The backstop power as an incentive-correcting mechanism

The first thing to say is that this reserve power is most usefully thought of as a means of reinforcing the ring-fence, not as a means of supplanting it. Suitably designed, this power would have no impact on any firm intending to abide by the letter and spirit of the ring-fence proposals. For those at risk or gaming or arbitraging the ring-fence, it would provide potentially powerful incentives not to do so.

The benefits from backstopping the ring-fence are, then, that this would create self-reinforcing incentives on the part of ring-fenced banks’ management to avoid leaks and breaches. That would make the job of policing the ring-fence, both by the board of the ring-fenced bank and the regulator, somewhat easier. In other words, a reserve power would lessen the “negotiation risk” between firm and regulator highlighted by the Governor in his testimony.

The key question is how to make such a reserve power operational. In thinking about that, it is useful to set out the ladder of actions and sanctions that could be imposed on a firm or set of firms in the event of breaches of the ring-fence. For each, the key thing would be to have absolute clarity in legislation on the scope of these actions and sanctions.

The first line of defence should be the board of the ring-fenced bank. As I said in my evidence to you, it would be extremely useful to impose on the board a duty to ensure the integrity of the ring-fence. Indeed, that duty might be extended to the board of the parent company. This could take the form of a relatively narrow duty to preserve the ring-fence or a wider obligation to support the purposes of the ring-fence—for example, continuity of service to depositors and borrowers. Such objectives would augment directors’ duties to shareholders under Company Law.

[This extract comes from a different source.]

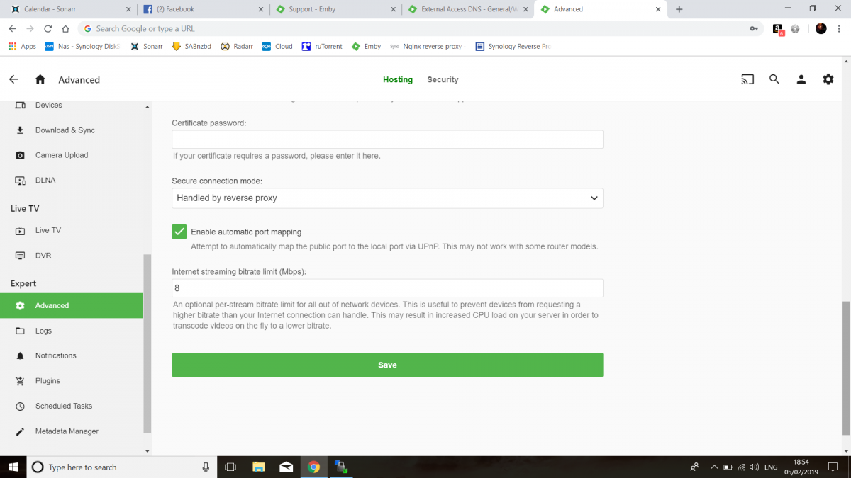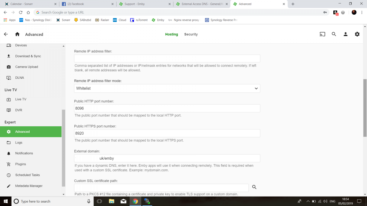 Luke 42079 Posted February 6, 2019 Posted February 6, 2019 You'll need to remove the /emby from external domain as that's not supported. The apps will actually add that on their own anyway.

The second line of defence should be the prudential regulator, which in future will mean the PRA. Again, it would be extremely useful in this respect if the PRA were given a clear role in ensuring the integrity of the ring-fence. That might mean setting out, perhaps in secondary legislation, a clear mandate for the regulator defined in terms of policing the ring-fence, making clear the powers that exist to enforce this policing.

On powers of enforcement, under the supervisory framework anticipated in the Financial Services and Banking Reform Bills, the PRA could take the following actions if a firm were to be breaching its rules or objectives:

Impose higher capital requirements under Pillar 2, or tighter liquidity requirements.

Take action under the approved persons regime, potentially including removal of approvals.

Impose a financial penalty.

Varying a bank’s authorisations to limit or prevent activities.

Removing links to owners and group companies.

These are a potentially powerful set of regulatory sanctions for helping reinforce the ring-fence.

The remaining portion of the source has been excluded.